_What is needed_
No pictures belong in the copy. Restate the rest of the data exactly.

_Input data_

=-=-=-=-=

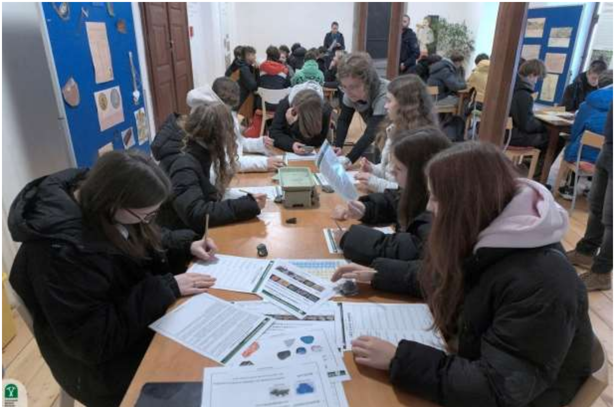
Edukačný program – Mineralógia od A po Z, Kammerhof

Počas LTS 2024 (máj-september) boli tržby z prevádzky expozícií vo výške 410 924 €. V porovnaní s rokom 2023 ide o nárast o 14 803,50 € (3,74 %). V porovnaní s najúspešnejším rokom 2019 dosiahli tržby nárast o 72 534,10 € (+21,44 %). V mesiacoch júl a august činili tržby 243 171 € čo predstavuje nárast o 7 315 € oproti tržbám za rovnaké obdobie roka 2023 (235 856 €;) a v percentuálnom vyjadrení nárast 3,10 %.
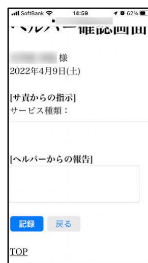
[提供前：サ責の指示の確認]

=-=-=-=-=

_Response to this exercise_
Edukačný program – Mineralógia od A po Z, Kammerhof

Počas LTS 2024 (máj-september) boli tržby z prevádzky expozícií vo výške 410 924 €. V porovnaní s rokom 2023 ide o nárast o 14 803,50 € (3,74 %). V porovnaní s najúspešnejším rokom 2019 dosiahli tržby nárast o 72 534,10 € (+21,44 %). V mesiacoch júl a august činili tržby 243 171 € čo predstavuje nárast o 7 315 € oproti tržbám za rovnaké obdobie roka 2023 (235 856 €;) a v percentuálnom vyjadrení nárast 3,10 %.
[提供前：サ責の指示の確認]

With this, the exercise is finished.